The study has its own limitation such as having a comparatively smaller data set. The functional relevance of these polymorphisms with respect to immune responses to tuberculosis could be addressed in a classified manner.

5. Conclusion

This study reported a significant association of the CCL2-2518 GG and -362 CC genotype with tuberculosis. Heterozygous CCL2-2518AG and -362GC were noted to be associated with resistance against PTB. The biallelic AC haplotype (CCL2-2518 A>G and -362 G>C) was noted to be a susceptible haplotype for pulmonary tuberculosis. The serum cytokine analysis suggested a complex regulatory mechanism among CCL2/MCP-1, IL-12p70, and IFN-γ concentration. CCL2 showed a positive correlation with IL-12, IFN-γ, and TNF-α, and a normal CCL2 level is essential for normal Th1 response. -2518G allele produces less CCL2 compared to A allele which leads to improper Th1 response and makes a host susceptible for tuberculosis.

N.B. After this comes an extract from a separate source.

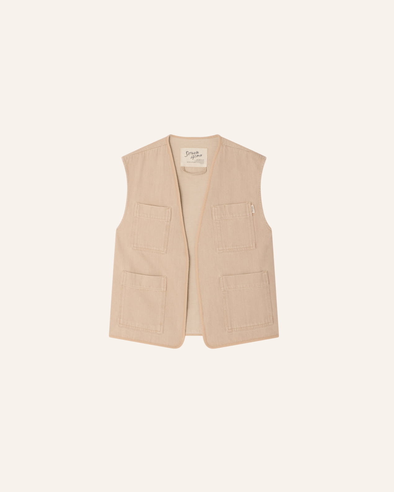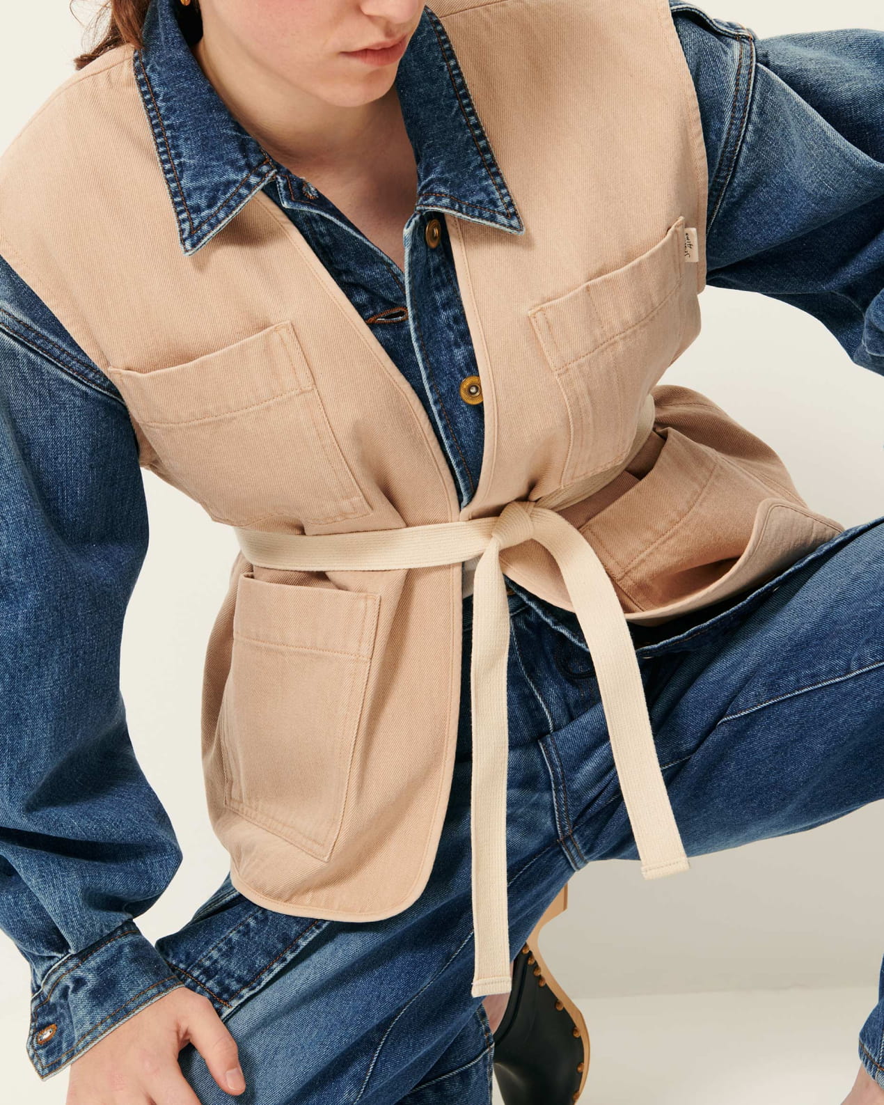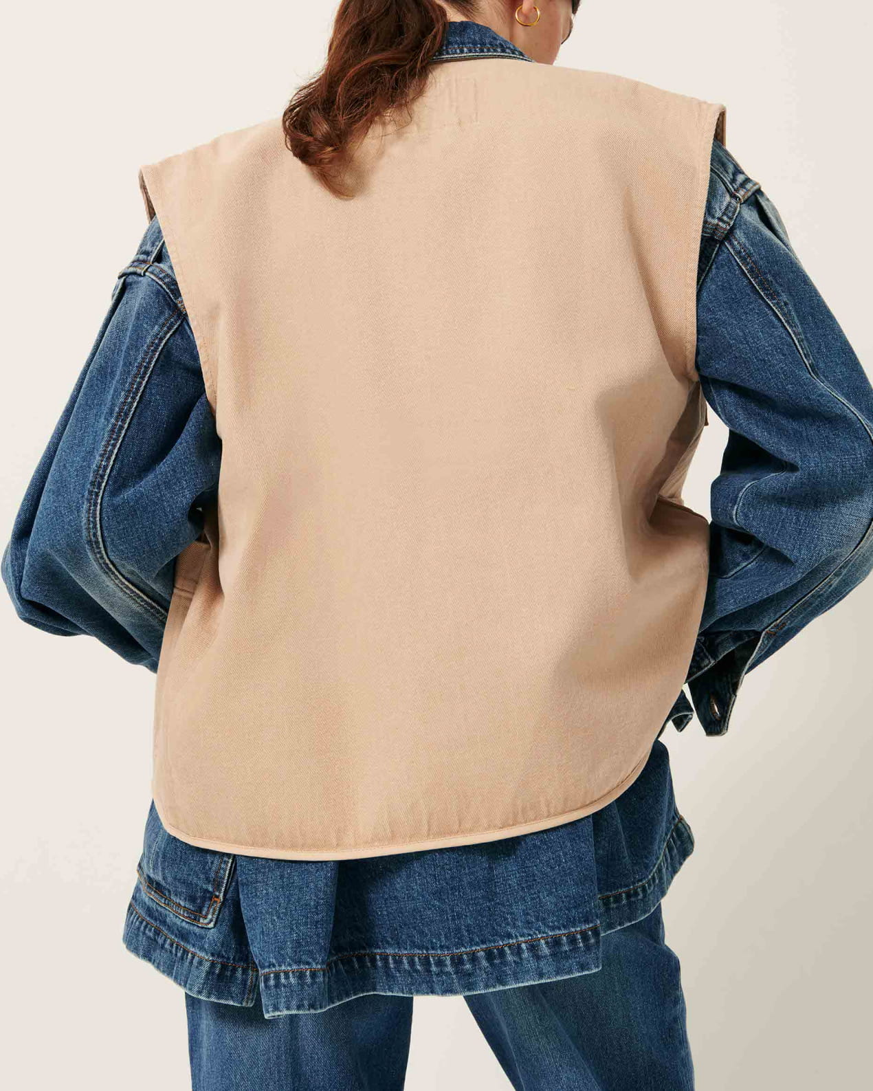 Sleeveless worker-style jacket with pockets, made from thread-dyed cotton twill with a chambray effect.

In the present study, we have tried to unwind the function of the gene in the promoter region of the CCL2 gene but an in-depth study is warranted to further understand the complex interaction of the polymorphisms in the regulatory region of CCL2.

Data Availability

The demographic, genotypic, haplotypic, and serological data used to support the findings of this study are included within the article itself in the form of tables and figures.

Conflicts of Interest

The authors declare that there is no conflict of interest.

Acknowledgments

We thank all the participants for their willingness to participate in this study. We thank Mr. M.M. Alam, Mr. M S Tomar, Mr. Rajesh Rathore, and Mr. R Rawat for providing technical help. Senior Research Fellowship of Sanjay K. Biswas was funded by the Indian Council of Medical Research (ICMR), Grant no. 45/13/2010/CMB/BMS.